My Paperwhite doesn't seem to go down very fast.  I probably don't read on mine as much as some, because I have other Kindles I also read on, but I've been pleased with battery life.

Betsy


----------



## Ann in Arlington (Oct 27, 2008)

A couple of thoughts:

First, CAR's advice is good. Let it go nearly to zero and recharge to full a couple of times. You will get a 'low battery' warning before it actually turns off for you. Then be sure to charge to full -- like overnight. It's not that the battery is not good or wearing out, it's simply that the indicator isn't well calibrated and that will help fix the problem.

The other thing that could be happening is that, if you've recently loaded a lot of content, books could be indexing. That will use the battery faster. AND, if it's just one book, but the file is corrupt, the device can get hung up trying to index it. So it keeps working and working and draining the battery, but nothing gets done.

To check if that's the problem, do a search on a nonsense string -- some 'word' you know isn't going to be found -- and see what comes up. It should show that it couldn't find it but will also give an indication as to whether there are books that are not finished being indexed. If there are any, select the link and see the list. If you see one that it grayed out, make note of it. Give it a little while longer and do the whole search thing again -- if you see the SAME BOOK still grayed out, it's likely stuck and nothing will get better until you fix it.

So, to FIX it,  go to the home page and find the book and then delete it from the device. After a bit, do the search thing again and see if it's gotten finished. Now you can put a fresh file copy of that book back on.

Other things: the battery will drain faster with wireless turned on all the time. And even _faster_ if WiFi is on but you're not, regularly, in an area where the device can access a known signal. I leave mine on all the time: I have WiFi at home and the Kindle knows most networks for places I am likely to be for any length of time. But if you're not usually at home, you might want to have the WiFi off so it won't keep looking for a network. The problem is even worse with 3G in terms of battery drain. If you really NEED to conserve the battery, best turn the wireless all the way off.

How high you regularly use the light setting will have an effect as well, I suspect, even if LED's are very very efficient.


----------



## JimC1946 (Aug 6, 2009)

My graphical indicator does appear to drop off pretty quickly after a charge. I haven't had any sign that the battery is draining too quickly, though, so I assume it's just the indicator.

I'll try the discharging tip, though.


----------



## Ann in Arlington (Oct 27, 2008)

One other thing I forgot to mention -- it's rather like the gauge on your gas tank.  Or, at least, on MY gas tank.  Seems I fill up and that needle doesn't move off FULL for a good hundred miles. . . .then it starts dropping much more rapidly.  So it's not really exactly proportional to how much fuel is actually in the tank.

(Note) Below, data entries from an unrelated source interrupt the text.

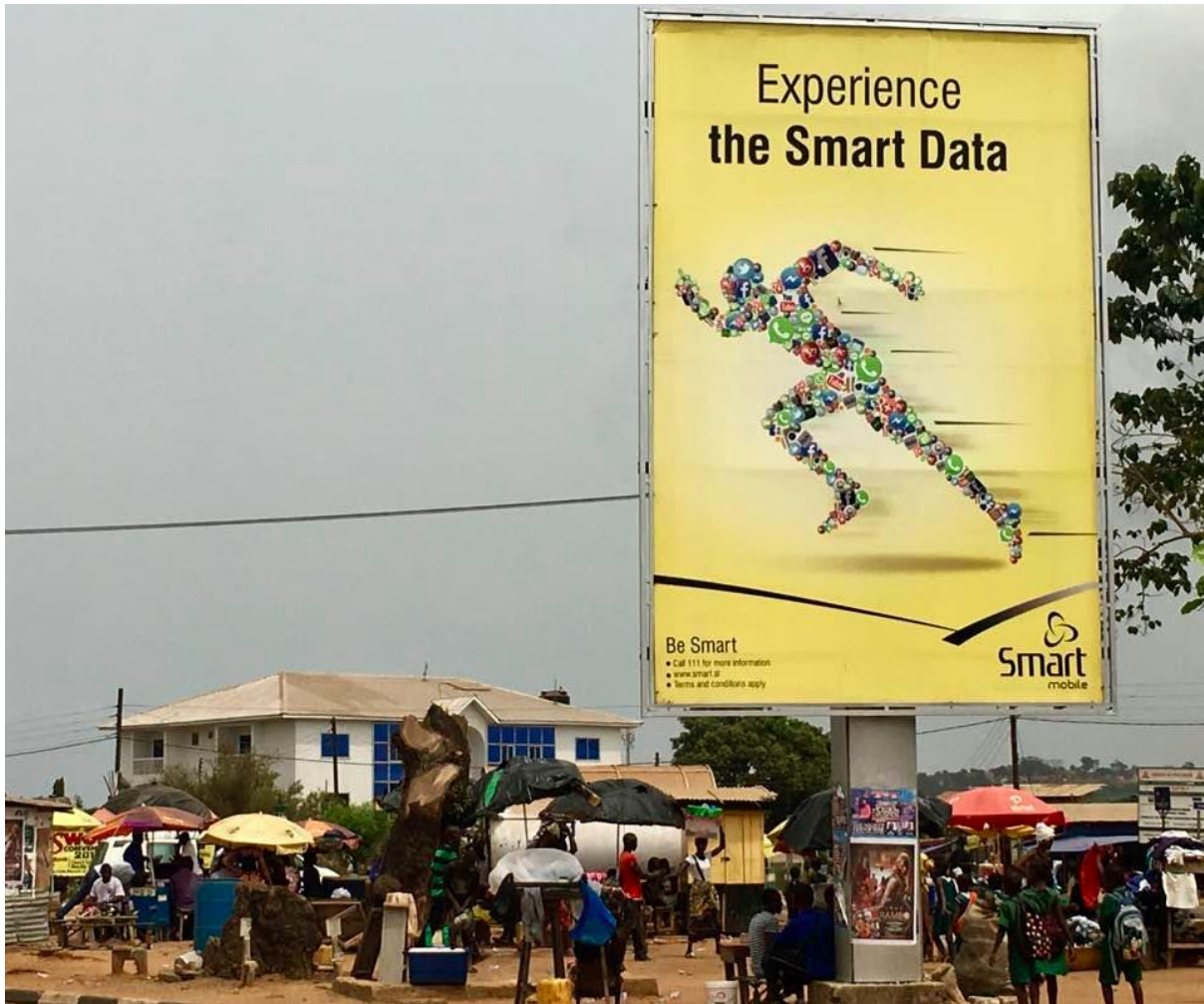
Figure 3. Smart and hyper-local and community realities in Africa.
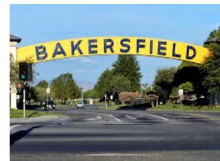
Famous Bakersfield arch
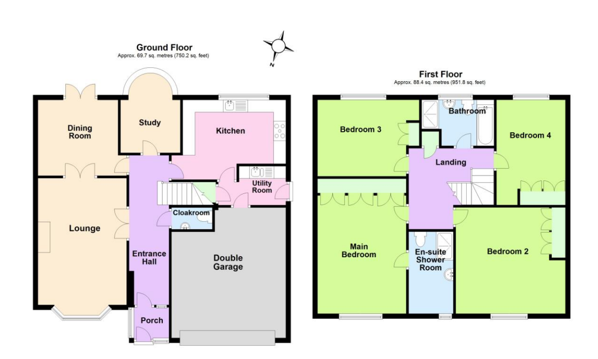
Total area: approx. 158.1 sq. metres (1702.1 sq. feet)
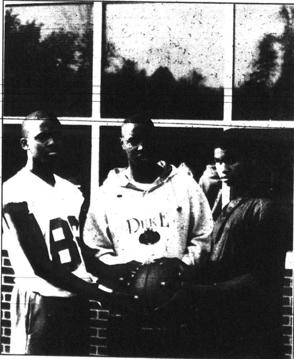
Some members of the Winston Lake 15-under AAU Team.

Both teams will try to shoot for that elusive national title and yet another piece of history.
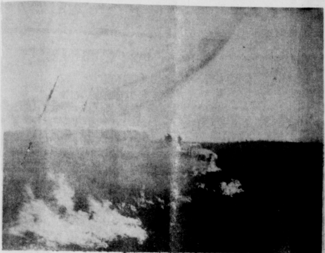
LIGHTNING STRUCK: The Wheeler Fire Department was called to Mrs. Marvin Bradstreet's place 2.5 miles North of town where lightning has set some grass land on fire. The fire only destroyed 4 or 5 acres due to the quick action of the Fire Department.
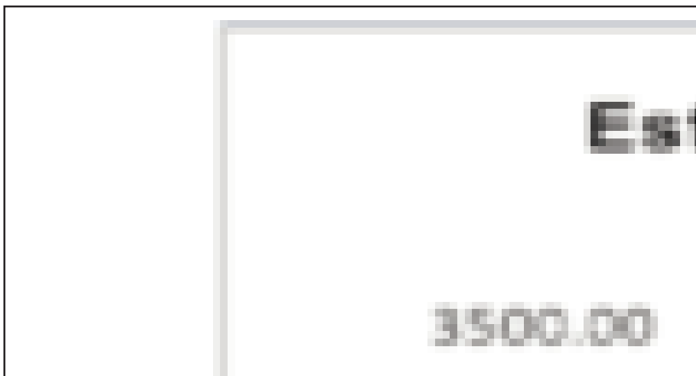
Figure 20.3: Therapists grouped into thirds based on their adjusted scores as a function of their accumulative time spent on solitary practice in the first eight years of clinical practice.

tifying where one's performance falls short, seeking guidance from recognized experts, and then developing, rehearsing, executing, and evaluating a plan for improvement. Research indicates that elite performers across many different domains devote the same amount of time to this process, on average, every day, including weekends. In a study of violinists, for example, Ericsson and colleagues found that the top performers devoted two times as many hours (10,000) to deliberate practice as the next best players and ten times as many as the average musician. In addition to helping refine and extend specific skills, engaging in prolonged periods of reflection, planning, and practice engender the development of mechanisms enabling top performers to use their knowledge in more efficient, nuanced, and novel ways than their more average counterparts (Ericsson & Stasewski, 1989).
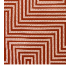
4258-05 HERA M1 - BOIS DE ROSE
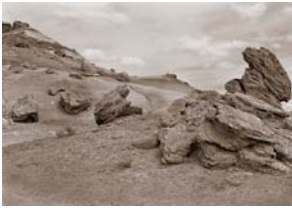
Rock Garden, Cain Wash Utah By Fred Crowle (B/W print)
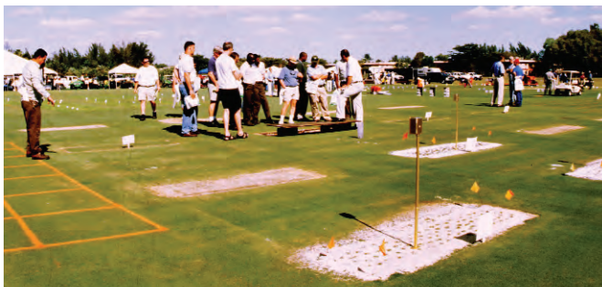
Field trial plot tours at the South Florida Expo covered everything from biocontrols to weeds.

We are glad you came, hope it was informative and enlightening and most importantly, we hope to see you again next year with a friend under each arm.
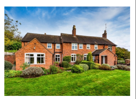
Pound Cottage, 8 School Road, Himley, Dudley
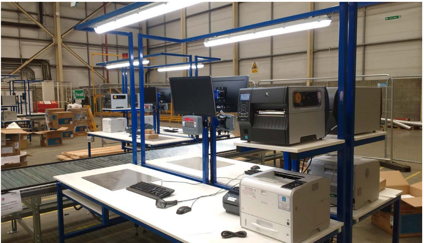
Packing station with built-in scales, printer shelves, and a lighting rail to improve visibility
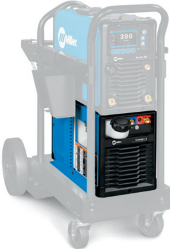
Coolmate 1.3 shown with Dynasty® 300 TIGRunner®
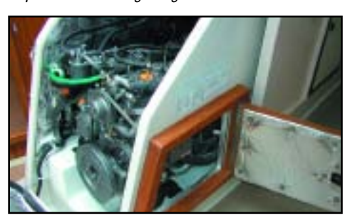
Complete engine access for easy maintenance.
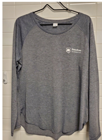
WOMEN'S POSICHARGE LONG SLEEVE TRIBLEND WICKING SCOOP NECK POLYESTER/COTTON/RAYON DARK HEATHER GREY XS, S, M, L, XL $30
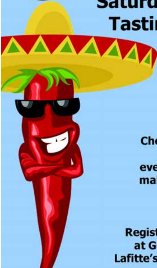
Table Space & Hot Plate provided at each bar

Chefs picks bar and provide everything else making at least 2 gallons
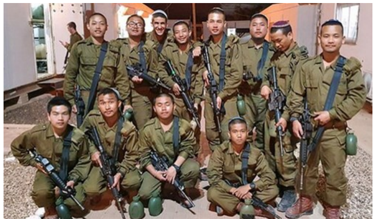
B'nei Hmenashe doing Aliyah to Israel

The story of Judaism isn't a story about just religion; it's a story of one big family! 12 brothers of Ya'akov that became the 12 tribes of Israel, some of them were lost during our long history and today we're privileged to unite with our lost brothers!
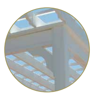
Braces The braces make this pergola a strong and sturdy structure.
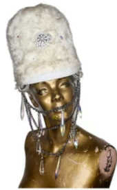
CAPULET MARCHING BAND HAT
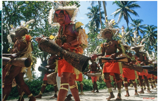
Sing-sing performers on their way to do their thing
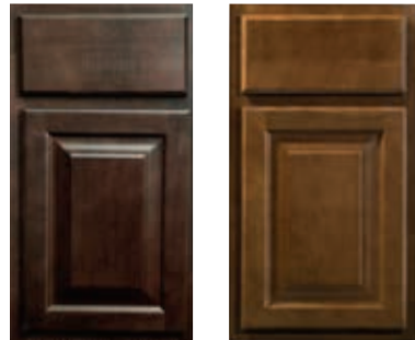
Dark Sable Stain Chestnut Stain
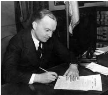
Figure 34. Governor Harold Stassen signing a bill in 1940. Stassen was a moderate Republican who challenged his own party as well as the Farmer-Labor opposition.

was also outraged over Stassen's civil service reforms which resulted in the termination of the overwhelming majority of Farmer-Labor appointees in the state bureaucracies between January and July 1939 – even though abuse of party patronage had been one of Petersen's main issues in the 1938 primary. Petersen had now found a new political cause, and he would identify Stassen from this point on as being his main political enemy (even though his feud with Benson would continue as well). 108
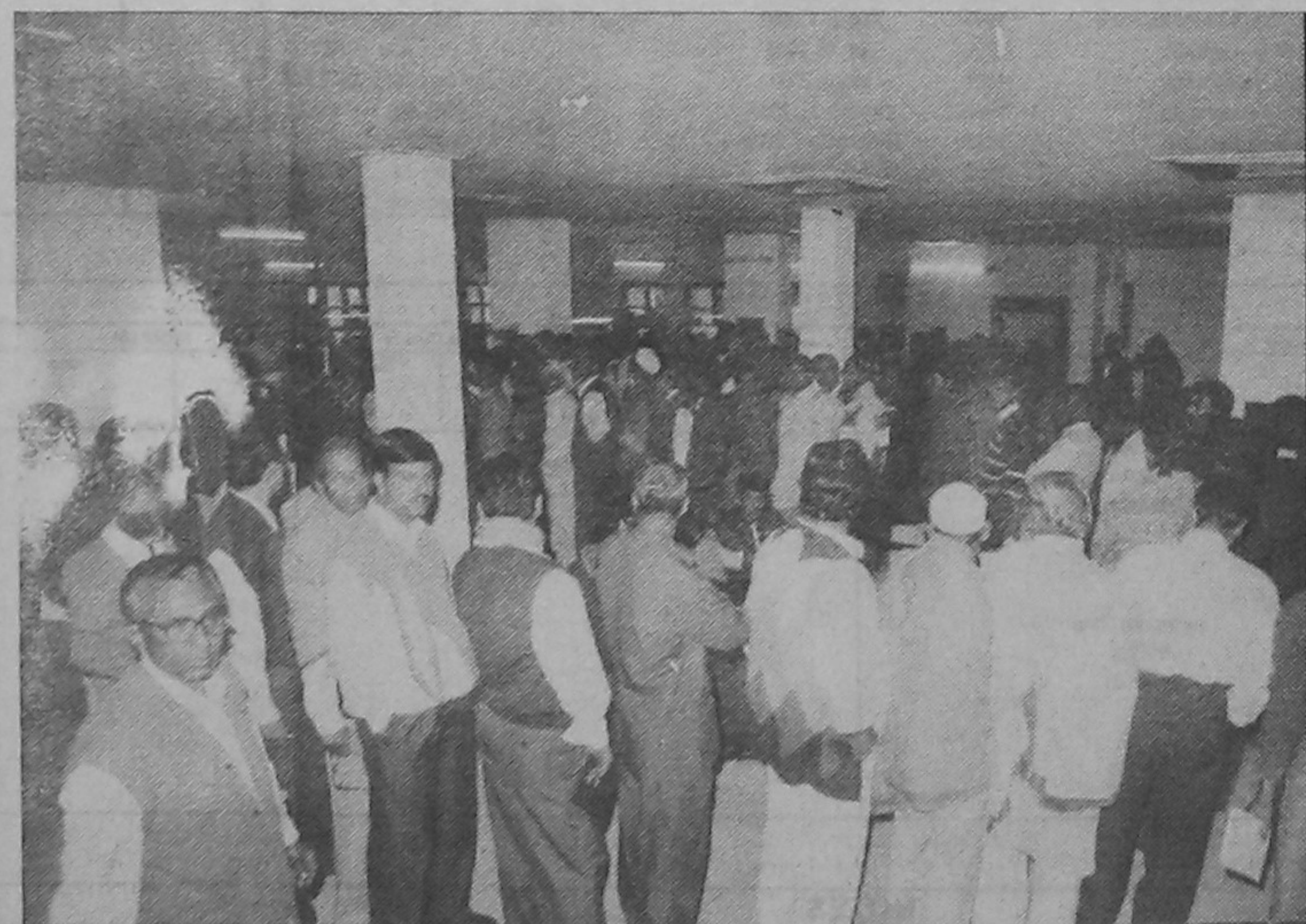
Money matters, doesn't it? A long queue at the cash counter
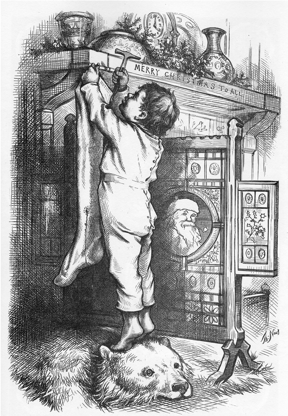
A Chance to Test Santa Claus' Generosity by Thomas Nast
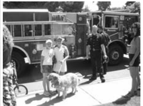
July 4th, 2004
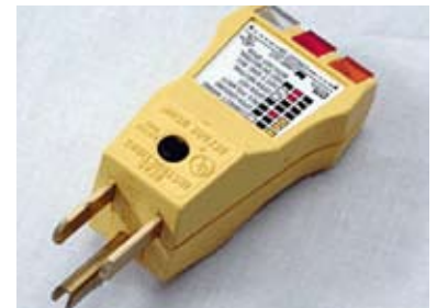
Any electrical outlet can be tested using a ground plug adaptor.

NOTE: If any other condition exists, do not use the receptacle or the Ground Plug Adapter until tested and approved by a qualified electrician. Examples of wiring defects are not limited to the conditions described below.
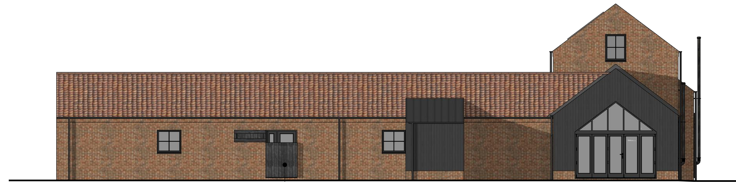
Rear Elevation Scale: 1:100
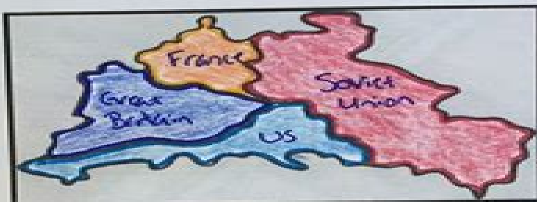
Berlin divided into 4 occupational zones

Label each flag below and then draw lines to the areas or the areas in Germany and Berlin that were occupied by the country.
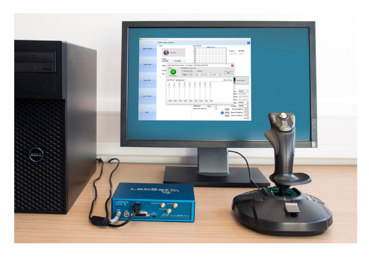
LabSat RT can play satellite signals from two constellations with a current time stamp. *Joystick functionality will be available in a later version

If you are developing, testing or selling products incorporating GPS, GLONASS or BeiDou engines, then you'll find LabSat RT makes your job quicker, easier and more effective.
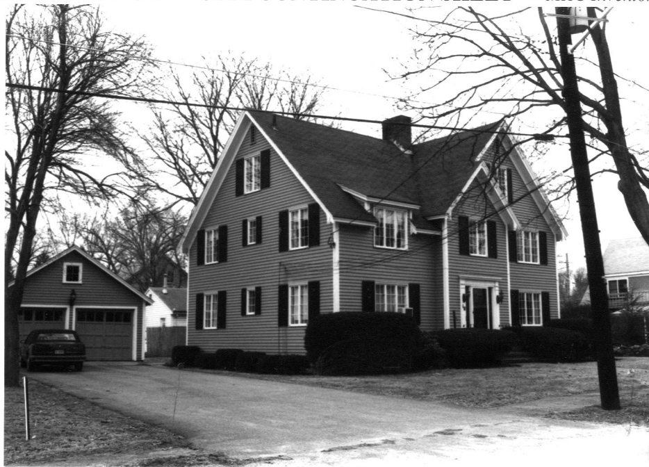
18 Laurel Street (CON. 1015)

I think the kindle indicator is similar, but in reverse.  It seems to drop pretty quickly early on, but then stays at 'almost gone' for a very long time before any low battery warning appears.


----------



## adelgabot (Aug 25, 2011)

I did what some of you guys were suggesting. I ran my Paperwhite's battery down and then recharged it overnight. That seems to have taken care of the problem, and things are ok once more.


----------



## LDB (Oct 28, 2008)

Mine was fully charged, in theory, with the green light on and dropped about 1/4 in one day but I had it on with the light near full brightness for several hours plus downloading about 95 items out of my cloud and indexing them. I used it about the same amount of time after the second theoretical full charge to a green light but with only maybe a dozen additions and it appears to be down about 1/8 this time. I'm going to let it completely discharge this time and maybe for 2 or 3 times in a row before I start recharging with partial charges.


----------



## Morf (Nov 18, 2010)

Ann in Arlington said:


> First, CAR's advice is good. Let it go nearly to zero and recharge to full a couple of times. You will get a 'low battery' warning before it actually turns off for you. Then be sure to charge to full -- like overnight. It's not that the battery is not good or wearing out, it's simply that the indicator isn't well calibrated and that will help fix the problem.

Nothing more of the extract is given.